The intercept (≈ 1.19) represents the predicted healthy diet cost when all food prices are zero, which is not realistic but is the mathematical baseline of the model. A 1-PPP-dollar increase in starchy staples raises the healthy diet cost by about 0.40 PPP dollars, holding other prices constant. Animal-source foods have the strongest effect, where a 1-PPP-dollar increase raises total diet cost by about 1.54 PPP dollars. For vegetables (≈ 1.34) and fruits (≈ 1.19), increases in price also lead to meaningful increases in overall diet cost. All predictors have extremely small p-values (p < 0.001), meaning they are statistically significant. The adjusted R² (≈ 0.9987) indicates that about 99.9% of the variation in healthy diet cost is explained by the four food-group prices, suggesting a very strong model fit.

par(mfrow = c(2,2))
plot(model1)

par(mfrow = c(1,1))

The Residuals vs Fitted plot shows a mostly flat pattern without a strong curve, which suggests that the linearity assumption is generally reasonable. The Q–Q plot shows very small deviations from the straight line, indicating that residuals are close to normally distributed, with only mild skewness caused by a few extreme observations. The Scale–Location plot shows slightly uneven spread for higher fitted values, which suggests some mild heteroscedasticity, but nothing severe. The Residuals vs Leverage plot shows a few observations with higher leverage, but none appear to be highly influential or problematic. Overall, the model assumptions are mostly satisfied, and any small departures are expected given real cross-country economic cost differences.

library(car)
## Warning: package 'car' was built under R version 4.5.2
## Loading required package: carData
## Warning: package 'carData' was built under R version 4.5.2
## 
## Attaching package: 'car'
## The following object is masked from 'package:dplyr':
## 
##     recode
vif(model1)
##     Staples AnimalFoods  Vegetables      Fruits 
##   29.668541   24.790242   12.806226    9.457067

The variance inflation factors for Staples, AnimalFoods, Vegetables, and Fruits are all above 9, with Staples and AnimalFoods being the highest. These values show strong multicollinearity among the predictors, meaning some of the food-group prices tend to move together across countries. This inflation can make individual coefficient p-values less reliable, even though the model as a whole still explains healthy diet cost very well. Since the predictors represent different parts of a country’s food system and are naturally related, this level of multicollinearity is expected and does not prevent the model from being useful for understanding how food prices contribute to total diet cost.

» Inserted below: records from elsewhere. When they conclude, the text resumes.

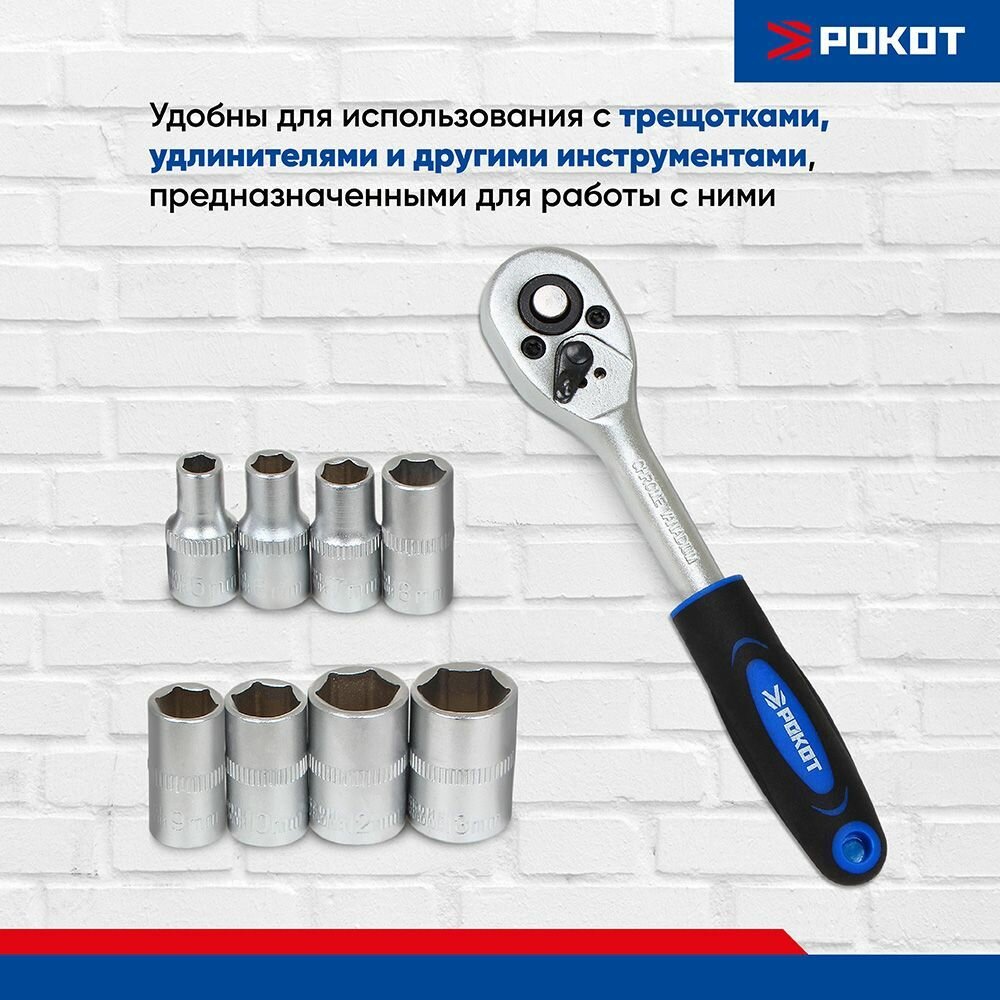 Купить Набор торцевых головок "6 гранные" (8шт) 1/4" 5-6-7-8-9-10-12-13 мм рокот
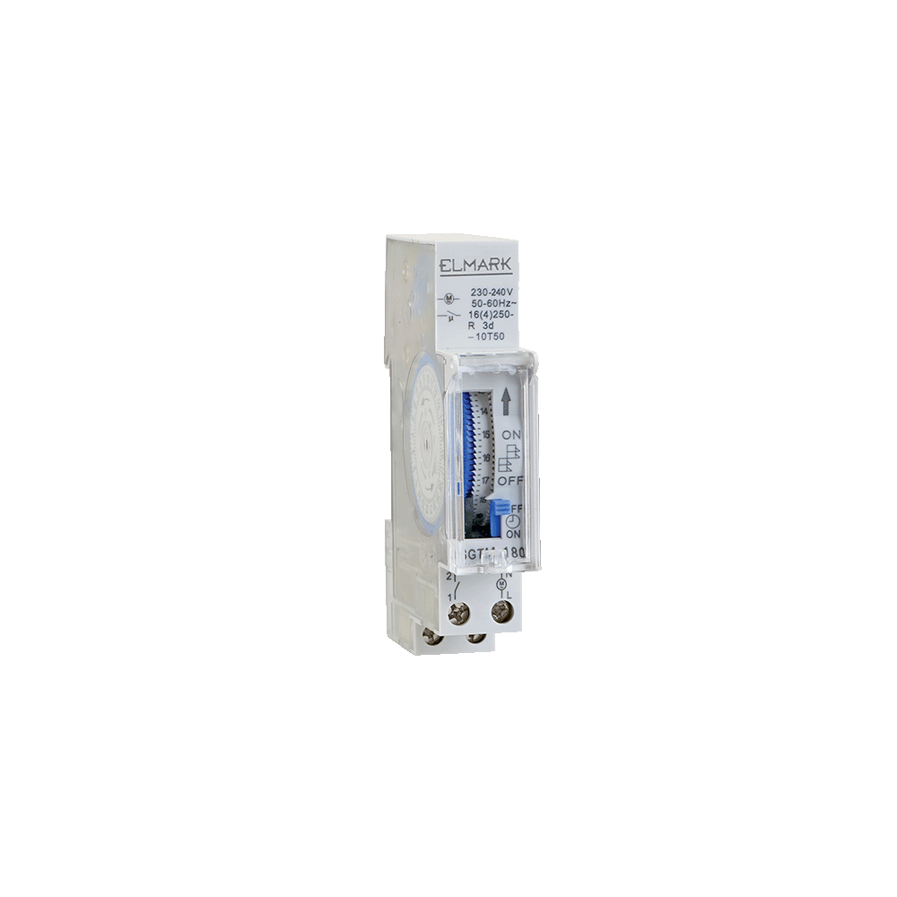 The mechanic relay for time is supposed to be used for managing chains with maximum capacity of 3500W.After the setting ,the timer executes the functions we required in 24 hours regime. The minimum period for setting is 15 minutes for TM 180 and 30 minutea for TM 181 as it is executed within 96 and 48pcs segments which the timing of the work and rest of the consumer is being set. The timer is accomplished with a battery which assures the work by 70 hours for TM 180 and 150 hours for TM 181 after power failure.
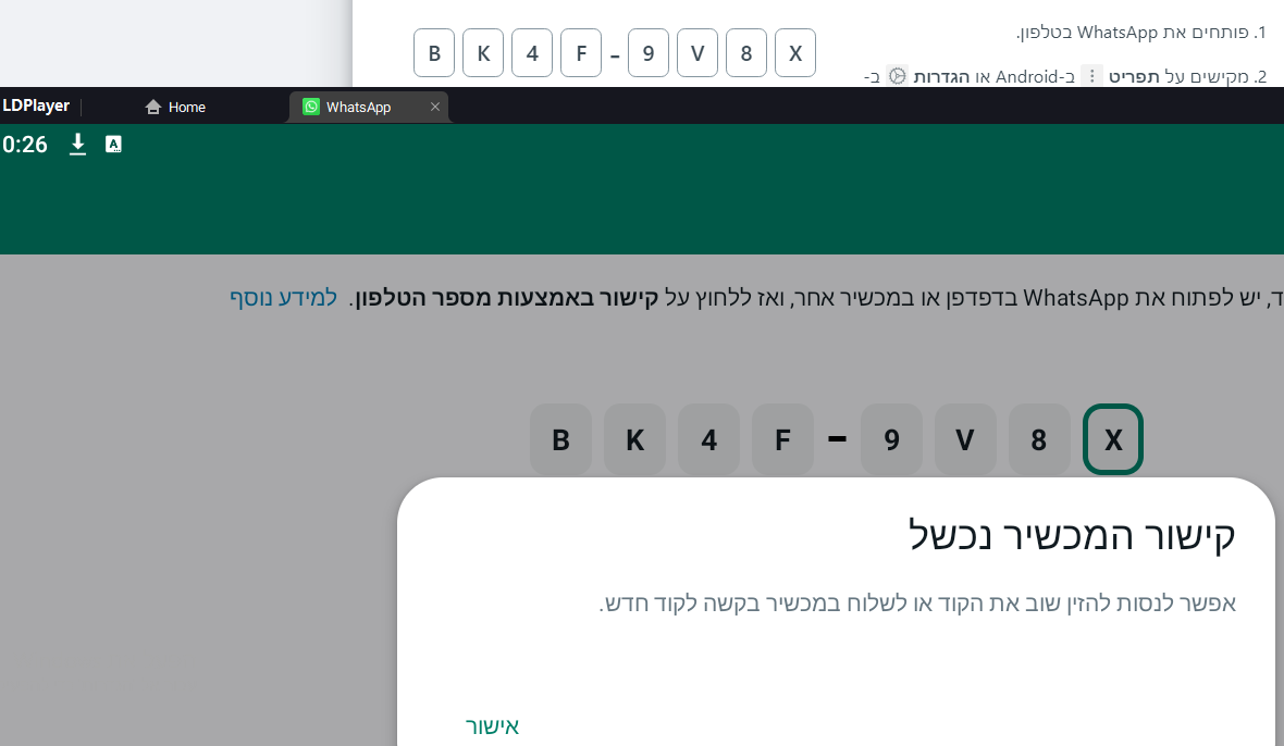 לנסות עם QR.היה מותקן לי וואצאפ עם אימולטור של LDPlayer
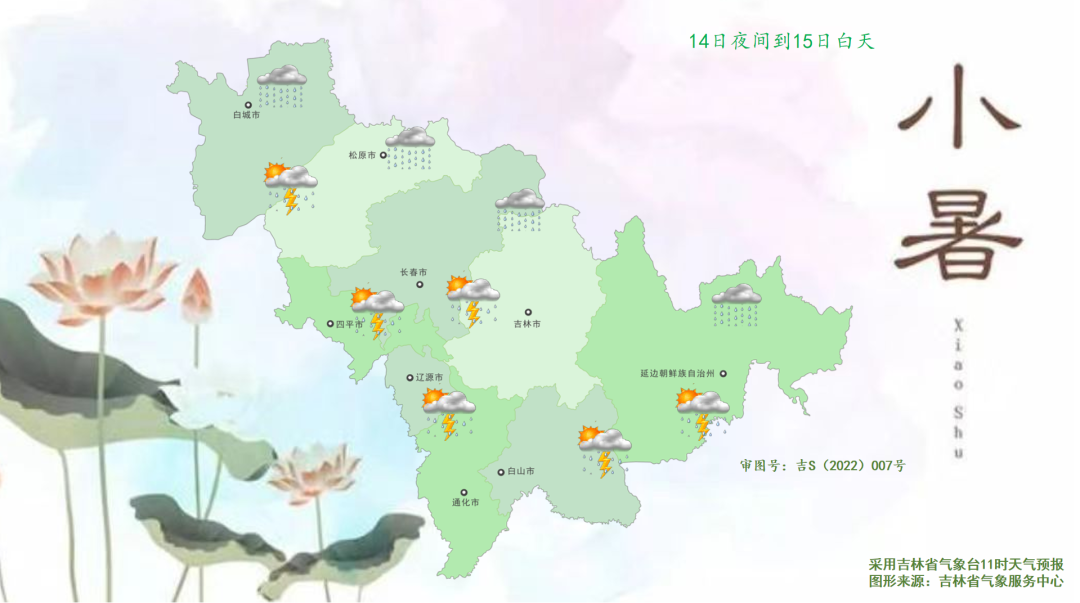 14일 밤부터 15일 낮까지, 길림성은 구름이 많고 이따금 흐리겠으며 백성 북부, 송원 북부, 장춘 북부, 길림 북부, 연변 북부에는 중등정도의 비, 부분적 지역에는 큰비, 기타 지역에는 소나기가 내릴 것으로 예상된다.

residuals_model1 <- resid(model1)
rmse_model1 <- sqrt(mean(residuals_model1^2))
rmse_model1
## [1] 65.41529

The RMSE value is approximately 65.4, which represents the average prediction error in PPP dollars per person per day for this model. Although this number is large in absolute terms, it reflects the wide range of food prices across countries, including very high-cost locations that naturally increase prediction variance. RMSE complements the adjusted R² by showing how far predictions tend to be from the true values, and in this case the level of error is acceptable given the real economic diversity in the dataset.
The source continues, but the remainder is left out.